In a sophisticated way, Chelsy Veras describes her recently revised attitude towards making images:

Art is supposed to be liberating, it shouldn’t be confined in a box, and it is more than okay if your art looks different or if it’s “weird.” This sudden realization made me change the way I make and approach my art. Instead of letting the fear of producing mediocre work hold me back, I started creating more frequently and intuitively.

I wish I had had this clarity at 17 years old.

Raymond Medina, “Once a Year” (2021) (screenshot by the author)

What Have We Stopped Hiding? features work by the 17 artists in last year’s cohort of the Studio Museum in Harlem’s annual program Expanding the Walls: Making Connections Between Photography, History, and Community. With some of the artists, their stories are impressive just in terms of how far they have come emotionally and practically to the work they showcase here.

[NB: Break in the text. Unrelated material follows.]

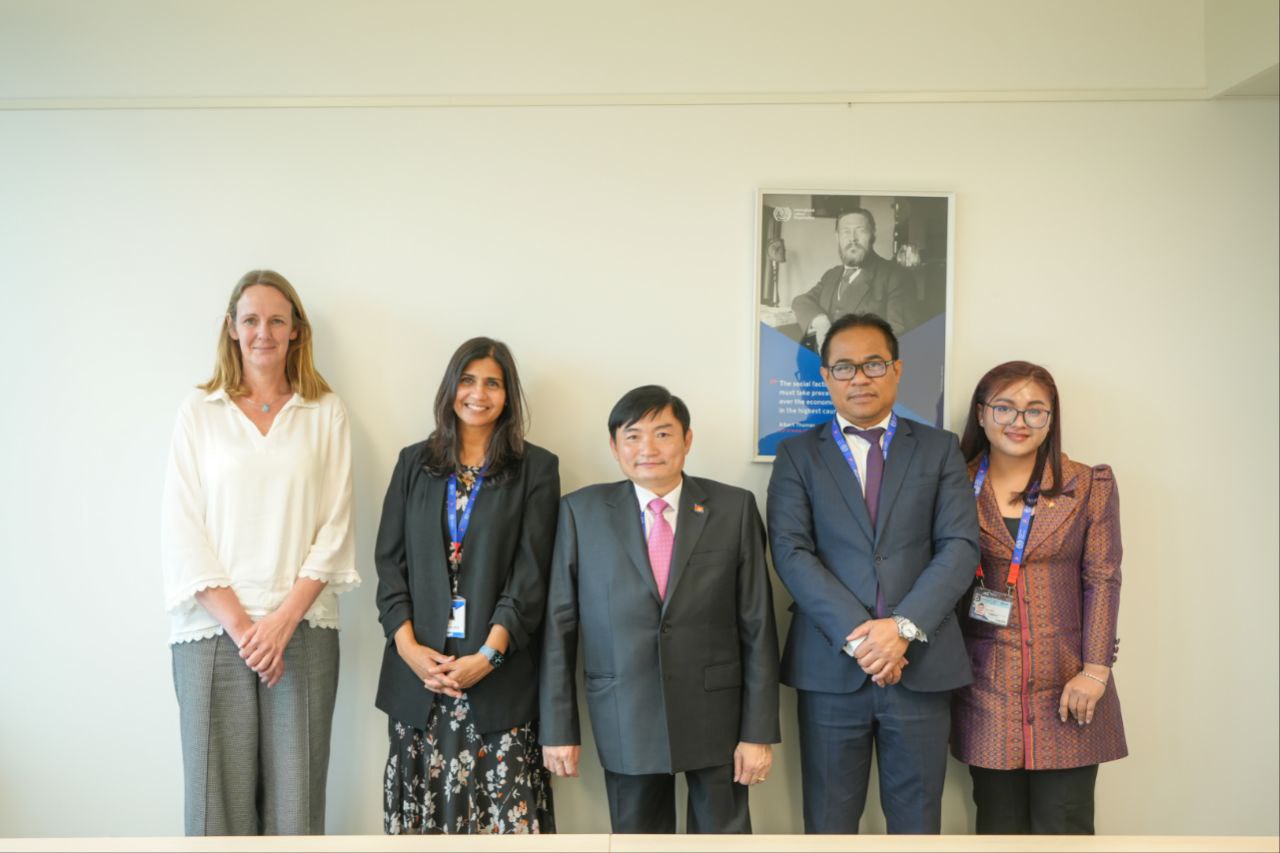 (ស្វីស)៖ ឯកឧត្តម ហេង សួរ រដ្ឋមន្ត្រីក្រសួងការងារ និងបណ្តុះបណ្តាលវិជ្ជាជីវៈ បានជួបពិភាក្សាការងារជាមួយលោកស្រី Roopa Nair ប្រធានកម្មវិធីការងារកាន់តែប្រសើរ(Better Work)នៃអង្គការអន្តរជាតិខាងការងារ (ILO) នៅថ្ងៃទី១១ ខែមិថុនា ឆ្នាំ២០២៤ ខណៈដែលឯកឧត្តមចូលរួមកិច្ចប្រជុំប្រចាំឆ្នាំរបស់អង្គការអន្តរជាតិខាងការងារ(ILO) នៅប្រទេសស្វីស។
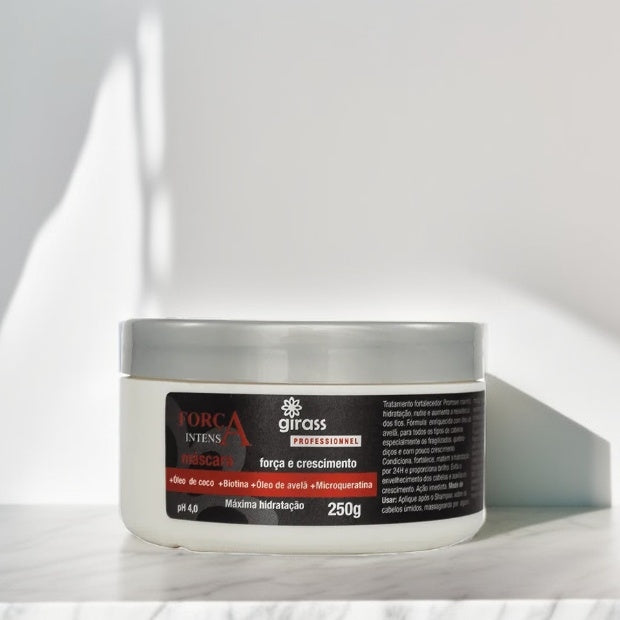 A Mascara Girass Fortalecimento Capilar sela as cutículas e promove desembaraço imediato, fortalece e deixa cabelos instantaneamente mais macios.

Fatoumata Traoré says: “By age seven I knew this world was hard, so sometimes I distanced myself from it. And at other times I pressured myself to face my problems.” Another artist, Lorca Peña Nissenblatt realizes that she is also a skilled writer. I think that she really is a poet: “The world is filled with clandestine treasures, and my camera picks each of them out like fingers scooping shells on the beach.”

Lorca Peña Nissenblatt, “Mother in Sunset” (2021) (screenshot by the author)

This exhibition is also joy to explore simply for the imagery. There are stunningly lovely images by many, and among them my favorites are by Raymundo Hernandez, Raymond Medina, Joel Angel Sebastian, Karthik Tambar, and Nissenblatt. They all answer the question putatively posed by the show’s title: they have stopped hiding themselves.

What Have We Stopped Hiding?: Expanding the Walls 2021 continues online is organized by Angelique Rosales Salgado and Zuna Maza, with Gi (Ginny) Huo, and the Expanding the Walls 2021 participants.